» **Task to carry out**: Would you return exactly the lines below from the line with "5.烤盘底部刷油,放入生坯,盖上保鲜膜二" through the line with "Theo đó, gần", both included, and nothing else, leaving out the pictures?

» **Record excerpts**:

══════════

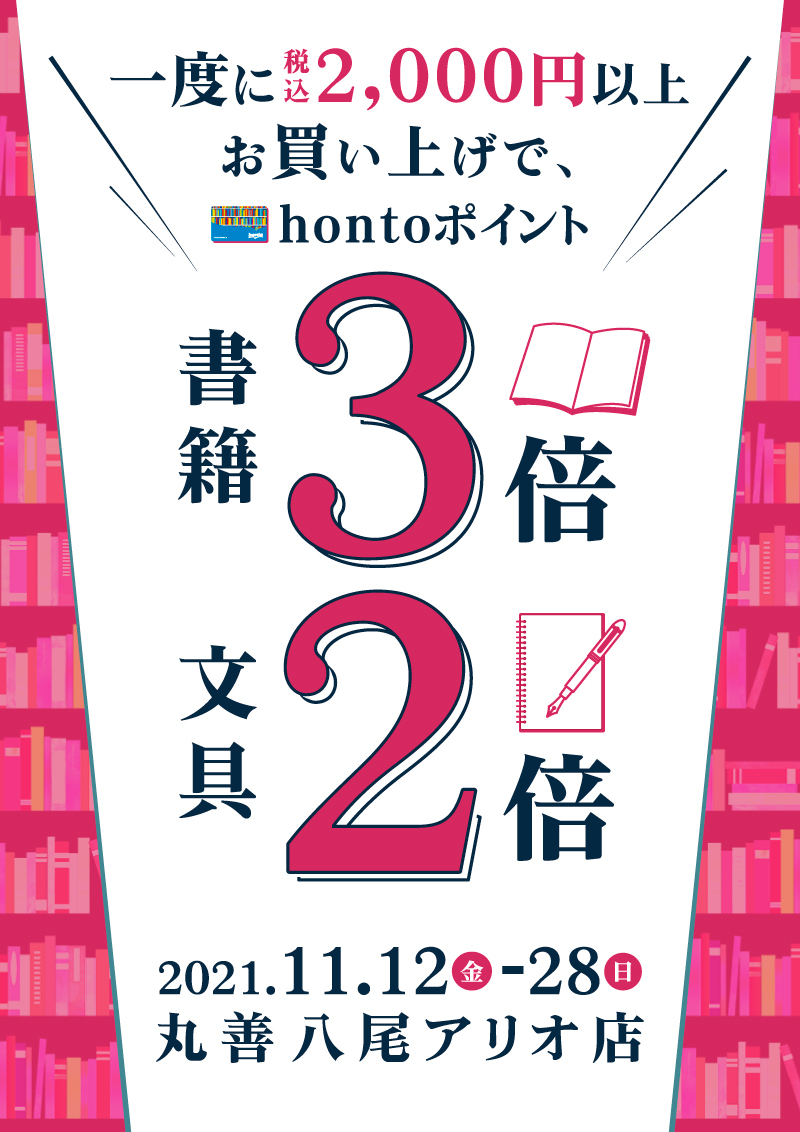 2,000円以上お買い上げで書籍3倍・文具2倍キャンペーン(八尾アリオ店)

══════════

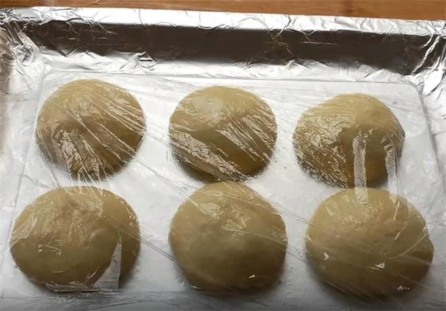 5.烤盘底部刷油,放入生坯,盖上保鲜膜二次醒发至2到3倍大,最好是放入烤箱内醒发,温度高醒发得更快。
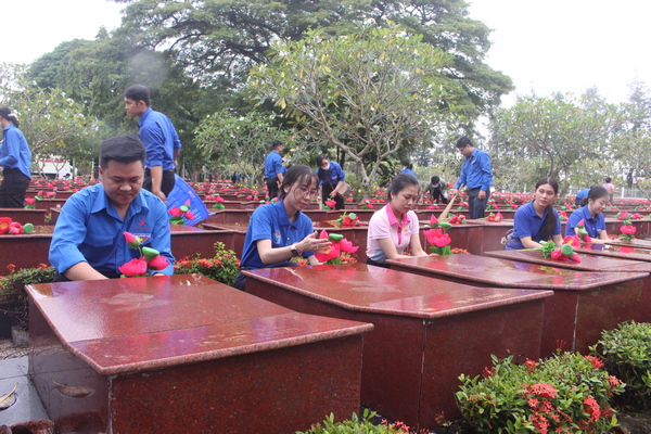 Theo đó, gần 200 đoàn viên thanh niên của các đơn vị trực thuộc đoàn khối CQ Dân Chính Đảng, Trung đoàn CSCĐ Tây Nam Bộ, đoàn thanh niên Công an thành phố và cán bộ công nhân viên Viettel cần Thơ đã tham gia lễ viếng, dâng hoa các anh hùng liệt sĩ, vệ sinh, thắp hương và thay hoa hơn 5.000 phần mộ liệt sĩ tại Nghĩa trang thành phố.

══════════

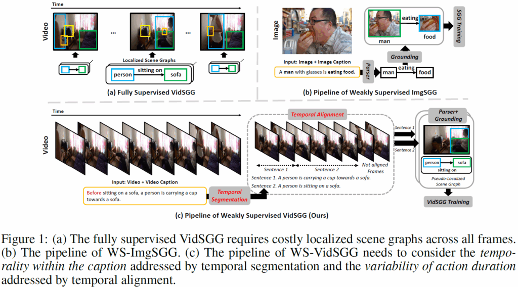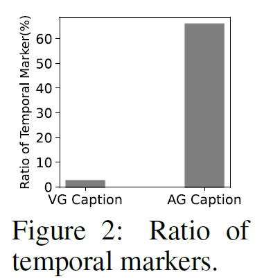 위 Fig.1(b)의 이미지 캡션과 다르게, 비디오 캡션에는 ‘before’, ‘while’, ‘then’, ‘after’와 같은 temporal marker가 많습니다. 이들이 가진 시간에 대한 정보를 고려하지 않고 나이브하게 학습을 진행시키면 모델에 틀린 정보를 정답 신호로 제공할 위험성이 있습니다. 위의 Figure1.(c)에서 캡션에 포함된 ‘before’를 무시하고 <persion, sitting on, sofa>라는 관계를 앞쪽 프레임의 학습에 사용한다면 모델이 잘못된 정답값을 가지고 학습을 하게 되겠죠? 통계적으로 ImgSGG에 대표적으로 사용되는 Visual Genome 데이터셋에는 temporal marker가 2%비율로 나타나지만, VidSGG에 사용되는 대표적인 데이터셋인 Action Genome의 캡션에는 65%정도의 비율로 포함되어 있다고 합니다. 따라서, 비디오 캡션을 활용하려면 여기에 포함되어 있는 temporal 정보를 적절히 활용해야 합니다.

══════════

» **Result for this exercise**:
 5.烤盘底部刷油,放入生坯,盖上保鲜膜二次醒发至2到3倍大,最好是放入烤箱内醒发,温度高醒发得更快。
 Theo đó, gần 200 đoàn viên thanh niên của các đơn vị trực thuộc đoàn khối CQ Dân Chính Đảng, Trung đoàn CSCĐ Tây Nam Bộ, đoàn thanh niên Công an thành phố và cán bộ công nhân viên Viettel cần Thơ đã tham gia lễ viếng, dâng hoa các anh hùng liệt sĩ, vệ sinh, thắp hương và thay hoa hơn 5.000 phần mộ liệt sĩ tại Nghĩa trang thành phố.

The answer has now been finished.